BEGIN MATERIAL PROVIDED
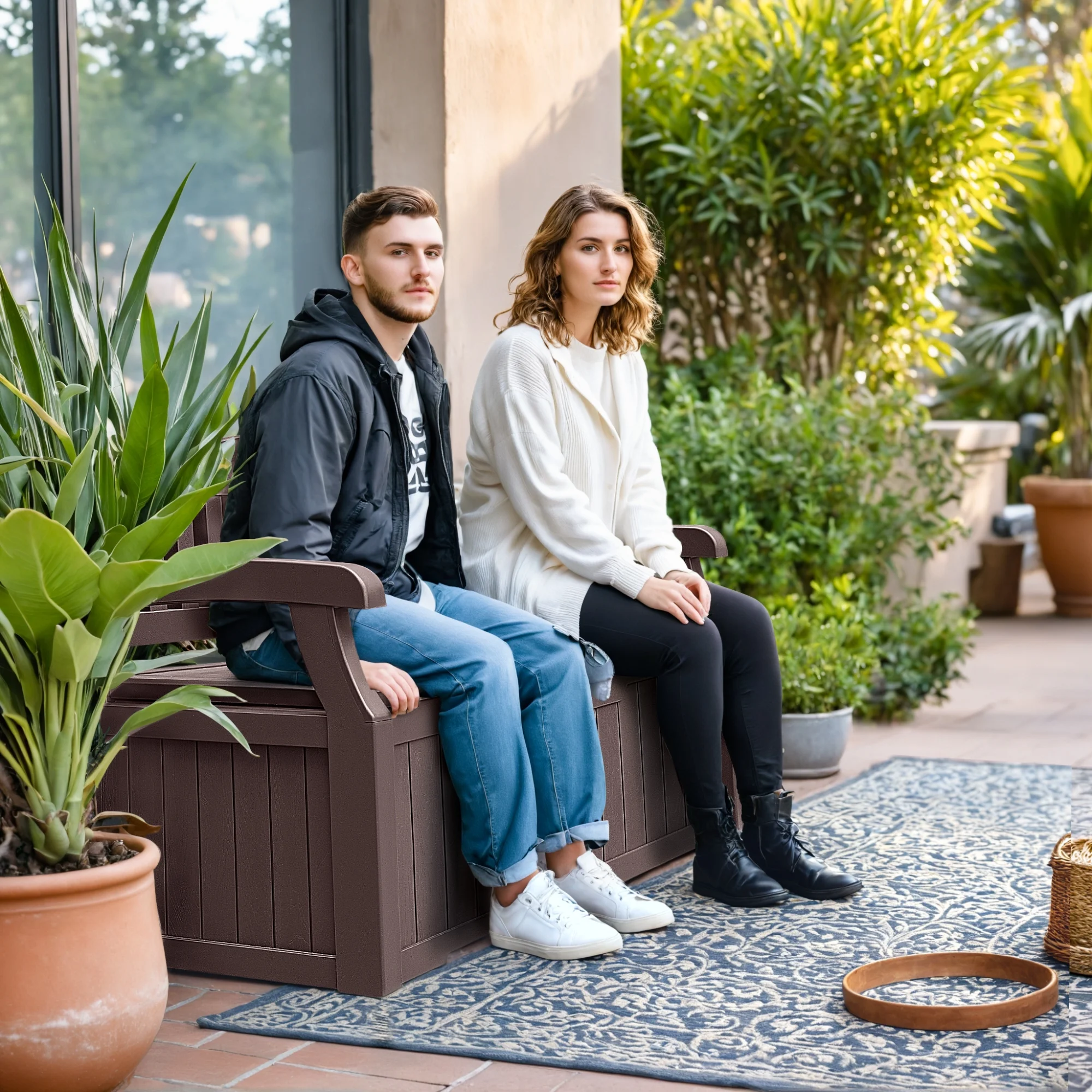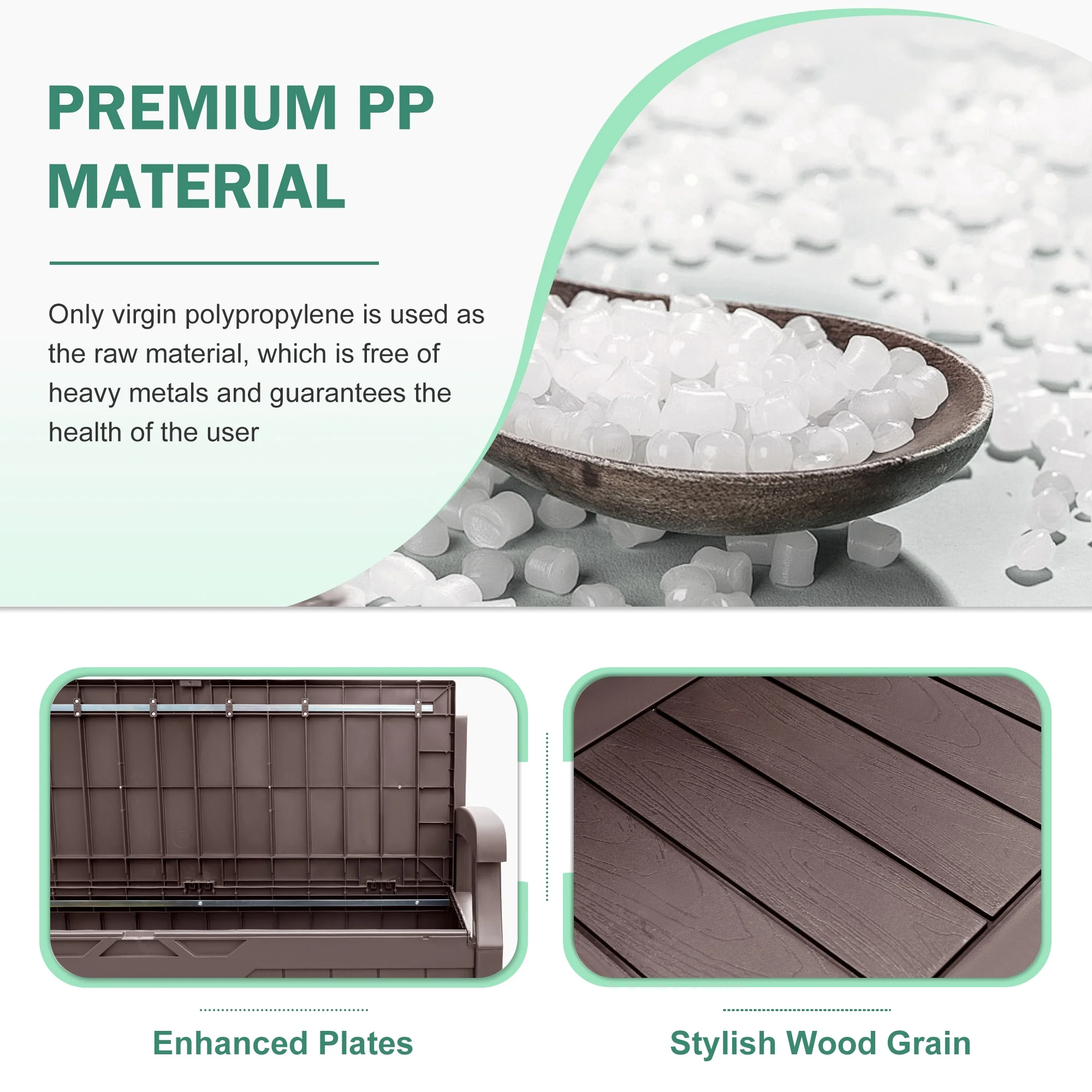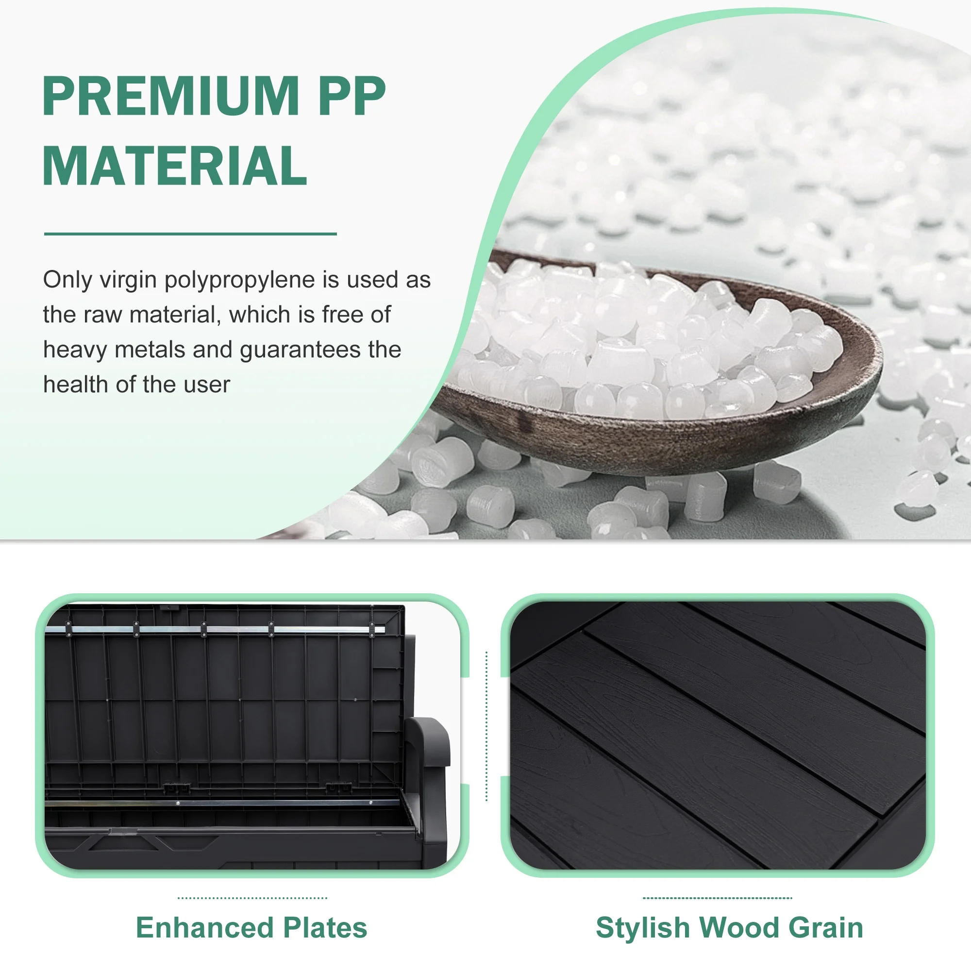 - This 80 gallon plastic storage bench is made of high quality resin material, which is environmentally friendly, safe and reliable, with excellent durability and stability. The resin material is not only lightweight and easy to carry, but also waterproof, moisture-proof and corrosion-resistant, which ensures that your belongings are safely stored and kept clean and tidy for a long time.
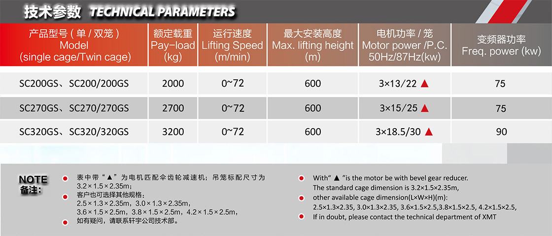 主要特點(diǎn)1. 三傳動(dòng),金欣電機(jī)減速機(jī);2. 偉創(chuàng)變頻器;3. 可適用于需較大噸位、大尺寸吊籠等項(xiàng)目。
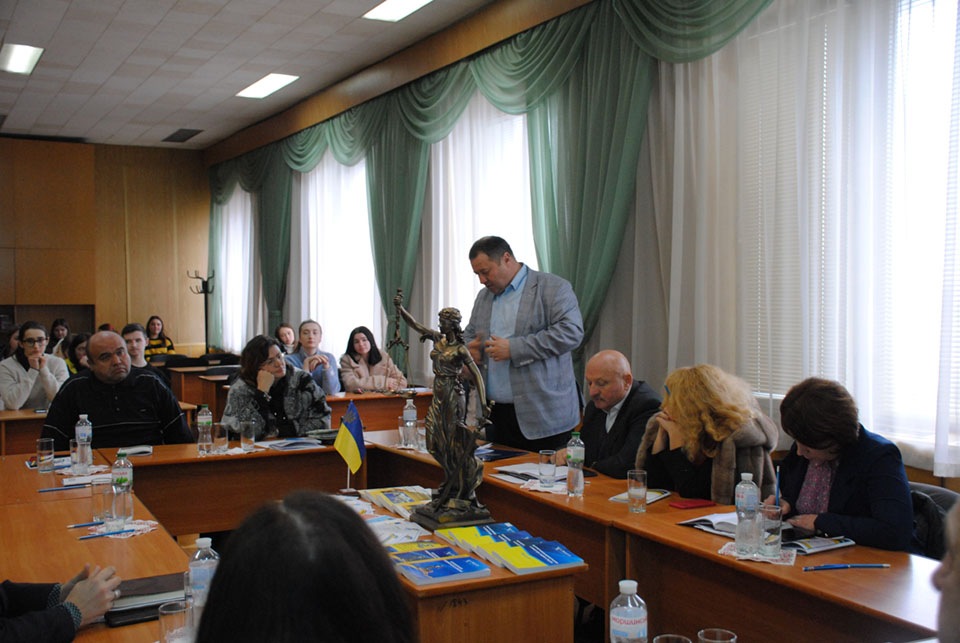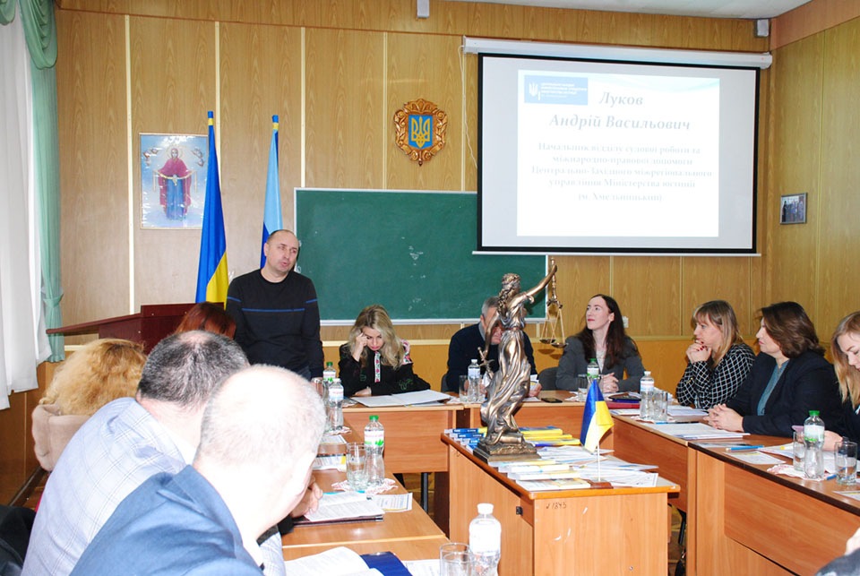 Андрій Луков, начальник відділу судової роботи та міжнародно-правової допомоги Центрально-Західного міжрегіонального управління Міністерства юстиції (м. Хмельницький), вказав на основні напрямки роботи відділу, міжнародно-правове співробітництво у цивільних та кримінальних справах. Андрій Васильович звернув увагу на проблеми, пов’язані із майновими правами дітей, в тому числі на аліменти. Тему прав дитини в умовах війни розвинула Лариса Зданевич, депутатка Хмельницької районної ради, адвокатка, членкиня мобільної бригади в рамках проекту моніторингу потреб і дотримання прав дітей ВПО у співпраці з UNICEF.
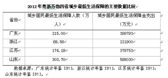 從投入存量來看,我省底線民生保障基礎薄弱。以城鄉居民最低生活保障(農村居民最低生活保障包含了農村五保)為例,2012年,廣東省城鄉居民最低 生活保障人數達到215萬人,城鄉居民最低生活保障金支出為399793萬元,低保人群年人均保障金為1859.50元/人。同期,若與廣東經濟社會發展 處于相當程度的江蘇、浙江和山東進行比較,可以看到廣東城鄉低保人數總量偏多,保障標準偏低,低保人群年人均保障金顯著低于浙蘇魯三省,與廣東“三個定 位、兩個率先”的總目標極不相稱,與廣東經濟社會發展水平極不匹配(見下表)。
END MATERIAL PROVIDED
WHAT YOU NEED TO DO >>
Through the line containing "主要特點(diǎn)1. 三傳動(dòng),金欣電機(jī)減速機(jī);2. 偉創(chuàng)變頻器;3." and no further, restate the data above word for word from its first line, leaving out pictures.

SOLUTION FOR THIS PROBLEM >>
 - This 80 gallon plastic storage bench is made of high quality resin material, which is environmentally friendly, safe and reliable, with excellent durability and stability. The resin material is not only lightweight and easy to carry, but also waterproof, moisture-proof and corrosion-resistant, which ensures that your belongings are safely stored and kept clean and tidy for a long time.
 主要特點(diǎn)1. 三傳動(dòng),金欣電機(jī)減速機(jī);2. 偉創(chuàng)變頻器;3. 可適用于需較大噸位、大尺寸吊籠等項(xiàng)目。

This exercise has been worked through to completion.